Now, see that suspiciously proud R1 between SparkFun's CD74HC4067 breakout board's "SIG" and Pi Pico's ADC? Yeah, that's a 100kOhm resistor that SHOULD NOT BE THERE. What should have been there were 9x 100k resistors pulling the RX lines down to the ground to discharge them gracefully between scans but oh well - first board, first botch. It's the circle of life, a constant, much like the unrelenting march of entropy.

So you might be asking - Tau, how in the world does it work, even after the ad-hoc fixes? BADLY. The answer is it works badly. But it works!

MULTIPASSPORT ahem, multi-touch. Yes, there's a whole host of issues with it - I had to jumper around that R1, I had to add those missing draining resistors; there's no buffer for ADC's input and remember, the plan was to swing TX lines with 10MHz signal, and ADC sampling takes whopping 2us (500ksps doesn't seem so fast now, does it?) - hello aliasing and weird levels and shit! But that's not the point, the point is that even with this smoothbrain attempt it manages to output something plausible. And the good news are that I now have a better idea of what it's gonna take to turn this into an actually usable hardware!

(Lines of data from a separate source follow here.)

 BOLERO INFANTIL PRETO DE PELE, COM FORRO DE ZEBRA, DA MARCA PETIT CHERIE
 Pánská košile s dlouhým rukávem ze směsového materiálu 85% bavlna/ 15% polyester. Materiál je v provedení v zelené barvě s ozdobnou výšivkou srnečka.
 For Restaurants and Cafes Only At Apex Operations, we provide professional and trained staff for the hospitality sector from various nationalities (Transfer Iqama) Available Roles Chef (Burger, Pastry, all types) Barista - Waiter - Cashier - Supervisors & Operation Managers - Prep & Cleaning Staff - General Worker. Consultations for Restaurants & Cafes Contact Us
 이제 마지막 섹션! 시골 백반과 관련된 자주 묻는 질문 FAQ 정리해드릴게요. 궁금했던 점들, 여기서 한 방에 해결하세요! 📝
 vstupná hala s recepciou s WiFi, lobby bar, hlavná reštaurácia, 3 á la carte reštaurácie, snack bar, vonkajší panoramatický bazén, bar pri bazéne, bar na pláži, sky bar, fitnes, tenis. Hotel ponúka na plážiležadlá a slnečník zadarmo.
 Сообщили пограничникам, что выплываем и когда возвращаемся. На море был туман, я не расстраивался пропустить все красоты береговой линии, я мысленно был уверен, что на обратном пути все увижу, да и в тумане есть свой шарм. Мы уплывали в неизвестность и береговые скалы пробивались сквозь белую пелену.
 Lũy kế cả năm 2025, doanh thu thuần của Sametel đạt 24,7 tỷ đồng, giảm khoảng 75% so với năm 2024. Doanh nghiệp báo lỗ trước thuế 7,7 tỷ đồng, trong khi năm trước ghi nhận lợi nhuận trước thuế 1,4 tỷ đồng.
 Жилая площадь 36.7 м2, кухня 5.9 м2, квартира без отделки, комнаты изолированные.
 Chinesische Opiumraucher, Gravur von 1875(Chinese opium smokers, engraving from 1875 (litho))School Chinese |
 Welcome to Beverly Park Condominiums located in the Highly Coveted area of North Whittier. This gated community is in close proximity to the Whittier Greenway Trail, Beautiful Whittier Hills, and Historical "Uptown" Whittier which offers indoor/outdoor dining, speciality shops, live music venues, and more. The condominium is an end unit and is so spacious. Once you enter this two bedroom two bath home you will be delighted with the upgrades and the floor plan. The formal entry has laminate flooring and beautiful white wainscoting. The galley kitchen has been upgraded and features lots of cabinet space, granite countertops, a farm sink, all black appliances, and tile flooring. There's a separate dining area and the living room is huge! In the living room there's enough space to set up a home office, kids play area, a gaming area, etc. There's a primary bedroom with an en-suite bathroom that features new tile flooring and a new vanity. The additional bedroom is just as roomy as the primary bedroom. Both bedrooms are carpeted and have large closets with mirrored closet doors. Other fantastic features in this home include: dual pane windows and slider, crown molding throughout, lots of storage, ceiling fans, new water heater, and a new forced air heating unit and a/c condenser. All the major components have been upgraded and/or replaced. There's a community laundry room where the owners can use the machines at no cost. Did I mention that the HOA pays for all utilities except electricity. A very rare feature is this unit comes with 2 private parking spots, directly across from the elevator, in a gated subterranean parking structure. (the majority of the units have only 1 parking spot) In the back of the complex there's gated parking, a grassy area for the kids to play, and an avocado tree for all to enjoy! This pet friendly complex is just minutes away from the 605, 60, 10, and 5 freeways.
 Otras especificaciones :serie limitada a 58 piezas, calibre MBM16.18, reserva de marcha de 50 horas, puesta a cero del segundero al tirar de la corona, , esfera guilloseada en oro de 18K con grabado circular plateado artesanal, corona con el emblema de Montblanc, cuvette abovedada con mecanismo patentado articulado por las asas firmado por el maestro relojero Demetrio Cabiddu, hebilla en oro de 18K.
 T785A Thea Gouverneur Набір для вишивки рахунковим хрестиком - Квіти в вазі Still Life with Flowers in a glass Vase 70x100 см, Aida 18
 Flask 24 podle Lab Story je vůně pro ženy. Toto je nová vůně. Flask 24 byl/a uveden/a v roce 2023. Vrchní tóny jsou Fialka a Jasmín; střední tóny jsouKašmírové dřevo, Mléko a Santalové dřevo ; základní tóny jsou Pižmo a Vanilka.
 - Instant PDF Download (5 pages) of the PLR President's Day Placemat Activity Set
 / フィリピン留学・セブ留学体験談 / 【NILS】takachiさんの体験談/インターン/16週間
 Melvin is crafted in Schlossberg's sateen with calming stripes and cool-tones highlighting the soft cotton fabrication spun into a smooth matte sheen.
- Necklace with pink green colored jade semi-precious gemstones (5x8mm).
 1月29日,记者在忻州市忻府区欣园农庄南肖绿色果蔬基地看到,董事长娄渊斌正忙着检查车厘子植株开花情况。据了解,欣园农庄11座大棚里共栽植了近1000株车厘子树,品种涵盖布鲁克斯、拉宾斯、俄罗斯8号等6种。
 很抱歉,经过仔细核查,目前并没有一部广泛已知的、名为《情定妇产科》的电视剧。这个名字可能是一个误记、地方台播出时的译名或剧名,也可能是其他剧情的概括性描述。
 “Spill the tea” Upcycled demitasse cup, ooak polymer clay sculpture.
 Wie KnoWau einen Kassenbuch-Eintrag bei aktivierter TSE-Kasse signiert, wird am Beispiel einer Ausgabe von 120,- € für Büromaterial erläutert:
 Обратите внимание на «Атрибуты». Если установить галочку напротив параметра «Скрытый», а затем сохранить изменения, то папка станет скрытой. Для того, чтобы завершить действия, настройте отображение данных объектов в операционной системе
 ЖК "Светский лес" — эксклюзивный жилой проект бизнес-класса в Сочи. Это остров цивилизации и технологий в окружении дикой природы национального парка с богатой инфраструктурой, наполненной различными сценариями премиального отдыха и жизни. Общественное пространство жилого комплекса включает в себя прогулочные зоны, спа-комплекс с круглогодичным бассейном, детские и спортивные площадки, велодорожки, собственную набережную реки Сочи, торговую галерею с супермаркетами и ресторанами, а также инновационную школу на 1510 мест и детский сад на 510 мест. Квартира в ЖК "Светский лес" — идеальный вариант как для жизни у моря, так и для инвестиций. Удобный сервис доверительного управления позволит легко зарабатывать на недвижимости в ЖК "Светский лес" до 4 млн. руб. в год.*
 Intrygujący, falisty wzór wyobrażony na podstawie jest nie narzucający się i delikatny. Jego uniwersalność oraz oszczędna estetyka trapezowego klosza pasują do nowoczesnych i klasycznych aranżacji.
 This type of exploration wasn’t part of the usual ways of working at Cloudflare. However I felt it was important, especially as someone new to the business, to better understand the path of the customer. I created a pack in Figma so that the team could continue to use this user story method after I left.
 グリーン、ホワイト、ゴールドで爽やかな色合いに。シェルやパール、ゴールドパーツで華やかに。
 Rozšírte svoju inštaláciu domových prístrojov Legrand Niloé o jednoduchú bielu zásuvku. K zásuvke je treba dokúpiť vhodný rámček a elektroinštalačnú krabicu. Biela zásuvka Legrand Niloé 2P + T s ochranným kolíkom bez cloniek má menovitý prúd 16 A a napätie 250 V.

Next time on "internet person attempts to wrangle fiddly pixies":

• simulating RX line read-out circuitry!
• proper-er circuit design! With drains, Op-Amp buffer to preserve signal integrity, buffer line before ADC to integrate the signal for ADC to have easier time scanning it, and maybe even probe points!
• smarter, low-level code to do pin-switching in batches to cram the cell scan body into 4us (on default clock)!
• tips on how to measure code latency in clock cycles on Pi Pico!

So I had the idea for this project for a whole of 3 days, and you know how sometimes you just... get an itch to do the thing... Well, yesterday I did the thing.

The thing was - run a single-cell button off my Pi Pico (okay, fine, it's Pimoroni's Pico Lipo - but it's pin-compatible so it still counts! And it still has the shitty ADC). I did that, and managed to see a swing of 0.8V - 1.6V between notouch-touch. nice.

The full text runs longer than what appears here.